Se l’opposizione allo Stato confessionale, cioè la difesa della laicità dello Stato (unica base possibile di una democrazia), equivalesse ad un’intenzione sterminatoria, si potrebbe concludere, ad esempio, che i repubblicani spagnoli erano favorevoli allo lo sterminio di tutti i cristiani del loro Paese, nonostante la presenza di moltissimi cristiani tra loro. Lo stesso si potrebbe dire dei difensori repubblicani dell’istruzione laica nella Francia del XIX secolo, quest’ultima vittoriosa, che ha qualcosa a che fare con l’Università pubblica dove Magnoli, crediamo, si è laureato e dove insegna Leonardo Avritzer. È necessario un po’ di rispetto per gli antenati.
Quando si parla di storia, che ovviamente non conosce, Demétrio Magnoli si riferisce a Leonardo Avritzer. Questo collega non è d’accordo con il mio articolo perché, a suo avviso, l’origine della tragedia palestinese sarebbe “più complessa” e sarebbe da collocare, almeno in gran parte, nell’opposizione araba alla spartizione della Palestina, che sarebbe legittimo e legale perché adottato dall’ONU nel 1947. Un’ONU con un quarto dei suoi attuali membri, poiché la maggior parte dei paesi del mondo erano ancora colonie, come lo era, di fatto, la Palestina, sotto forma di mandato britannico. La stessa ONU, nel 1975 e con molti più membri, “ha stabilito che il sionismo è una forma di razzismo e di discriminazione razziale”, supponiamo con l’opposizione (attuale, ovviamente, e perfettamente legittima) di Leonardo Avritzer.
Con o senza l’ONU, la leadership sionista non avrebbe avuto, per Leonardo Avritzer, alcun piano per espellere i palestinesi. Per questa affermazione, Leonardo Avritzer si basa sul lavoro di Benny Morris del 1987, ma stranamente omette completamente le ricerche successive di Ilan Pappe. Se avessi letto La pulizia etnica della Palestina, Avritzer saprebbe che Pappe è perplesso di fronte alla posizione degli storici israeliani tradizionali e di Benny Morris, che erano “molto lontani dalla realtà” nel dipingere il caso Haifa come “un esempio di buona volontà sionista nei confronti della popolazione palestinese locale” (p. 58). , nonostante una certa dimostrazione di simpatia per i palestinesi da parte del sindaco di Haifa. Ma non è stato lui a determinare il corso degli eventi.

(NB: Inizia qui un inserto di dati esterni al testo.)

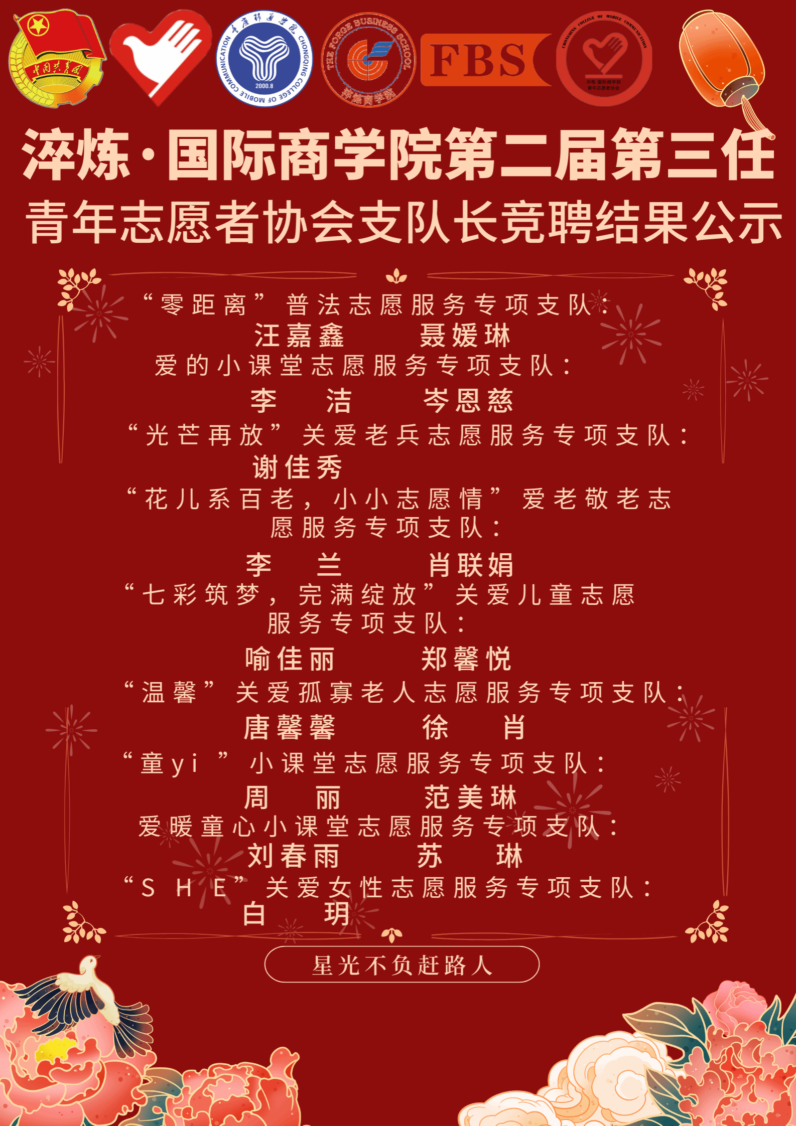 长达两个小时的支队长面试到此圆满结束。希望入选的支队长们都能够将“奉献,有爱,互助,进步”的志愿服务精神落实进以后的志愿服务活动中,保持自己的初心。本次支队长面试也让淬炼·国际商学院青年志愿者协会增添了一批新鲜血液,为接下来志愿服务活动的开展奠定了基础,期待志愿红的新篇章!

Un altro autore israeliano stranamente ignorato da Leonardo Avritzer è Avi Shlaim, per il quale “le prove presentate nel corpo del libro [di Benny Morris] suggeriscono un grado di responsabilità israeliano molto maggiore di quello implicito da Benny Morris nelle sue conclusioni” (1995, p. 296.) In altre parole, la critica mossa a Benny Morris è che le sue conclusioni erano lontane dalle prove storiche presentate nella sua stessa ricerca.
Ma Benny Morris, è ormai noto, non si preoccupava di attribuire la responsabilità della pulizia etnica della Palestina. Al contrario: per lui Ben Gurion “ha commesso un grave errore storico nel 1948… Se Ben Gurion avesse effettuato una grande espulsione e purificato l’intero Paese – tutta la terra di Israele fino al fiume Giordano… questo posto sarebbe più calmo e conoscerebbe meno sofferenza.” (Intervista con Ari Shavit su Haaretz). In altre parole, la fonte preferita da Leonardo Avritzer è la stessa che difende la pulizia etnica totale della Palestina, l'espulsione di tutti i nativi, subalterni colonizzati, le cui vite non valgono nulla, né i loro storici, che vengono sminuiti, come ha fatto Leonardo Avritzer riferendosi a considerare l’opera del grande storico palestinese Walid Khalidi come qualcosa di “oscuro” (!)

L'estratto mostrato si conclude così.